Government announces major workforce expansion for the field

More addiction psychiatry posts and new training curricula for drug and alcohol workers, children and young people’s workers, and peer support staff form part of a new ten-year workforce plan launched by the Office for Health Improvement and Disparities (OHID) and NHS England (NHSE).

New training curricula for the currently unregulated roles will be available by March 2025, with accredited training two years later. More regulated professionals in the sector will lead to high-quality clinical governance and supervision, the government states, with the addiction psychiatry training posts also available by March 2025.

The workforce plan aims to help people to get their lives back on track.

The national workforce plan – the first of its kind for the drug and alcohol sector – includes one-year, three-year and ten-year milestones, and builds on the drug strategy’s workforce expansion of 800 more medical and mental health professionals, 950 drug and alcohol and criminal justice workers, and more commissioners in every local authority area by the end of 2024-25. Almost 4,000 additional staff have already been recruited using drug strategy funding, the government adds.
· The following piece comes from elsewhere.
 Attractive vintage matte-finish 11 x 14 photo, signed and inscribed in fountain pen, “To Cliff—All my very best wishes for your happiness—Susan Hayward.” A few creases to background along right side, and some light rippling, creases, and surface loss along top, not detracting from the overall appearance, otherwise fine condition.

The plan and forthcoming capability framework will provide the foundation for ‘better and more consistent training, career progression and longer-term workforce planning’ the document states, with three overarching priorities of reform, recruit, and ‘train, develop and retain’. The plan aims to provide clarity on the roles required to deliver effective services and standardise and accredit training for drug and alcohol staff, as well as increase the sector’s professional mix, attract and retain ‘more medics, nurses, psychologists, social workers and pharmacists’ and ‘significantly improve’ the quality and coverage of clinical supervision. It will also develop the pipeline for regulated professionals entering the system. The overall aim is to promote a culture that ‘prioritises workforce wellbeing and career development’, improves caseload management and establishes a ‘firm foundation for future workforce development’, the document states.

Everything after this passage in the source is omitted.